§ WHAT TO WORK ON
Starting at the line that contains "The Roman Temple" and stopping at the line that contains "A 94 WIP-FM", transcribe every line of the material below exactly; pictures stay out.

§ DATA PROVIDED
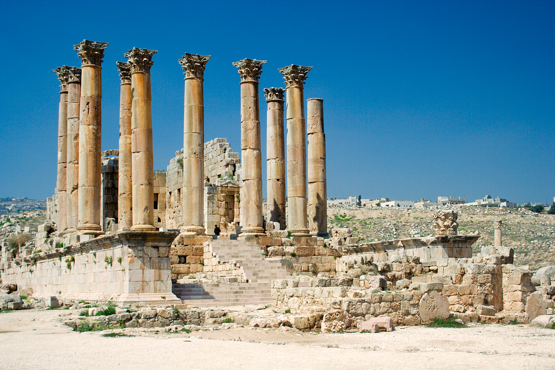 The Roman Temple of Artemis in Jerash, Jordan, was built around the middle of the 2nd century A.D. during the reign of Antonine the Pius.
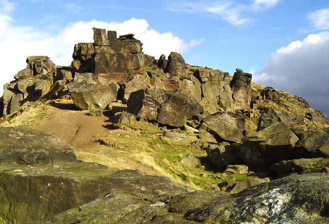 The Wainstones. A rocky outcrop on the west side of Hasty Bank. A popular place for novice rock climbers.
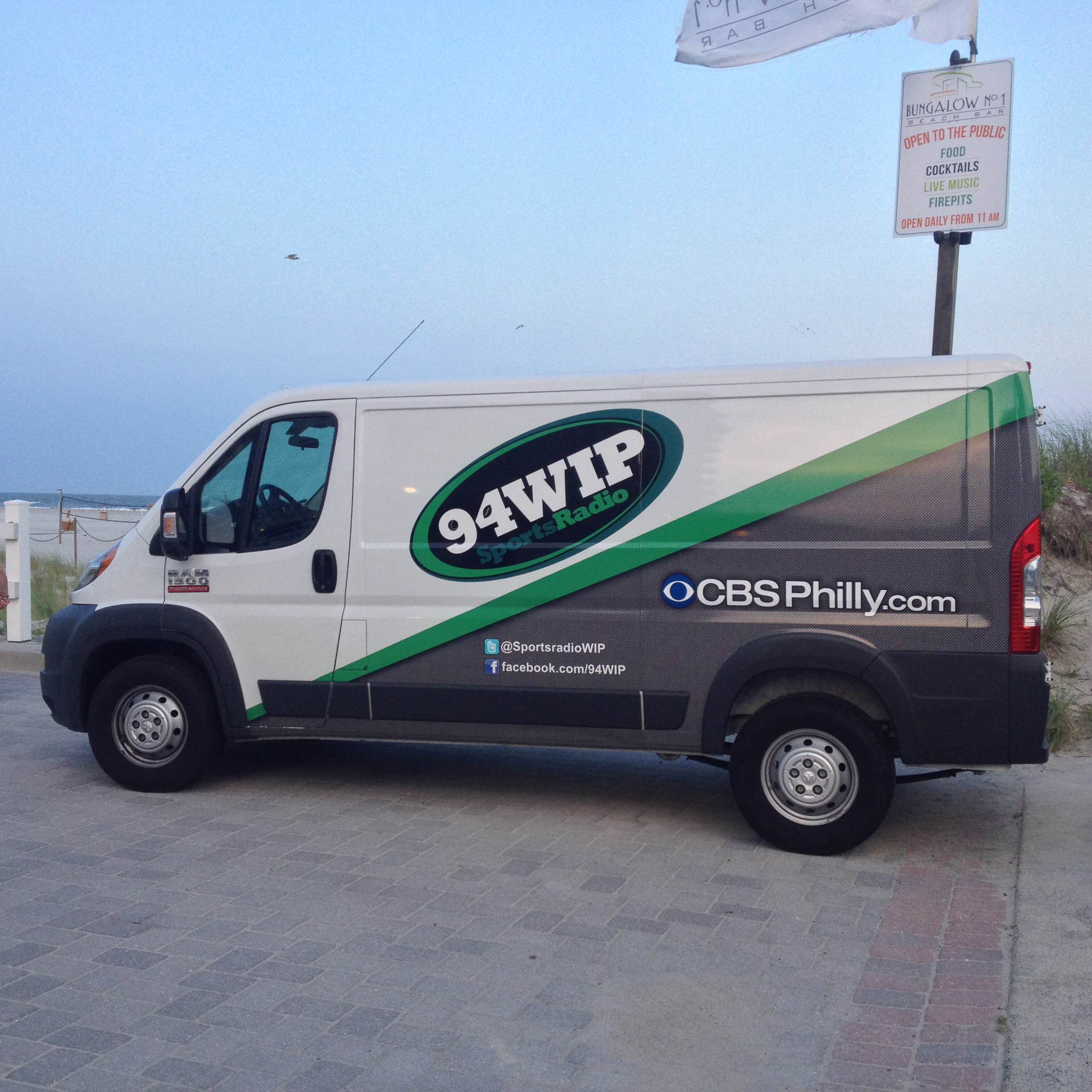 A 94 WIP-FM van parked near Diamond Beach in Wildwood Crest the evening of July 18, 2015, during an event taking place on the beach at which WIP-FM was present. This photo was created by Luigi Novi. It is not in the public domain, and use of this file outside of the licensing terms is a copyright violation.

* * *

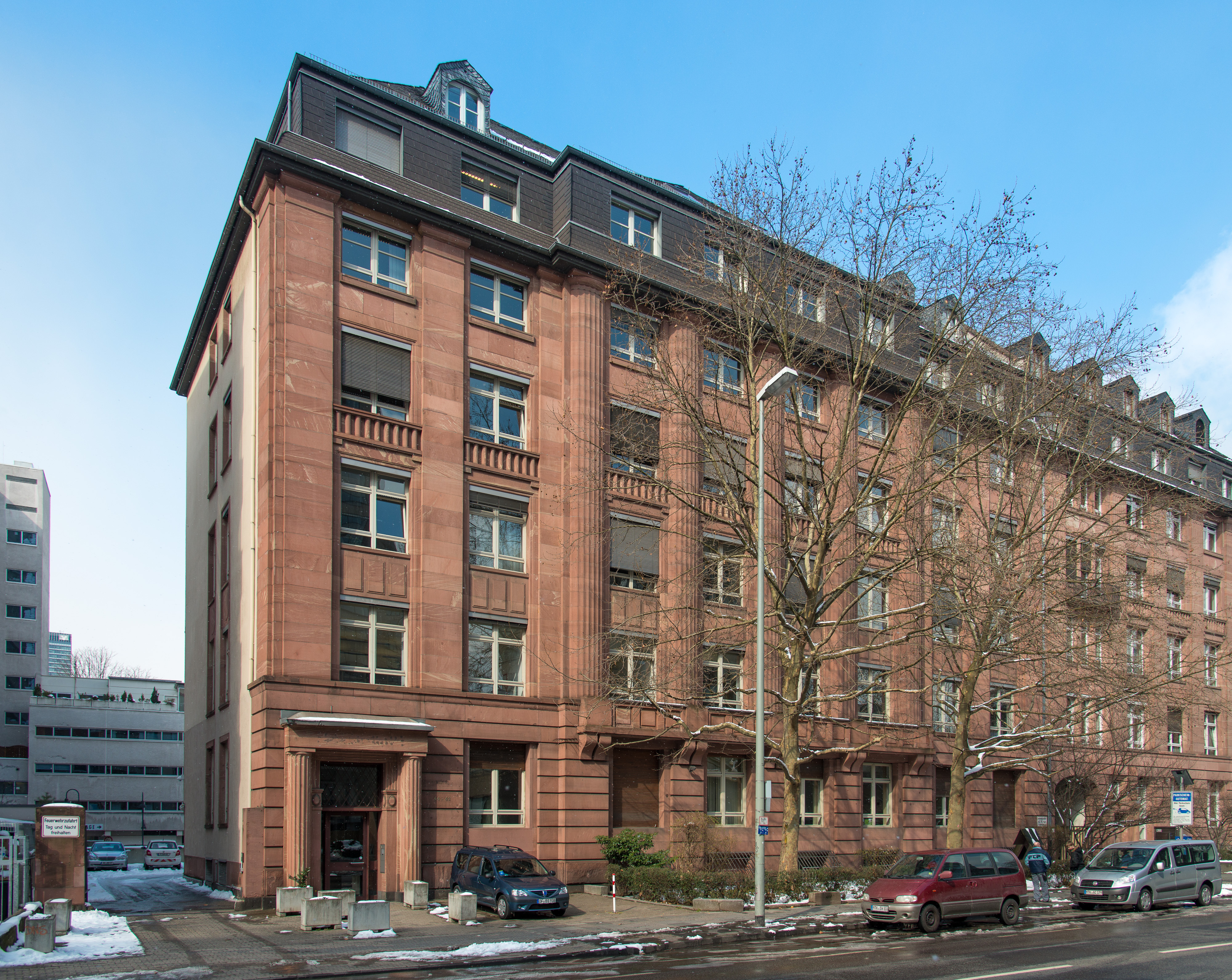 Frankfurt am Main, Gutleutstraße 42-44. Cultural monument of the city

§ ANSWER SPACE
 The Roman Temple of Artemis in Jerash, Jordan, was built around the middle of the 2nd century A.D. during the reign of Antonine the Pius.
 The Wainstones. A rocky outcrop on the west side of Hasty Bank. A popular place for novice rock climbers.
 A 94 WIP-FM van parked near Diamond Beach in Wildwood Crest the evening of July 18, 2015, during an event taking place on the beach at which WIP-FM was present. This photo was created by Luigi Novi. It is not in the public domain, and use of this file outside of the licensing terms is a copyright violation.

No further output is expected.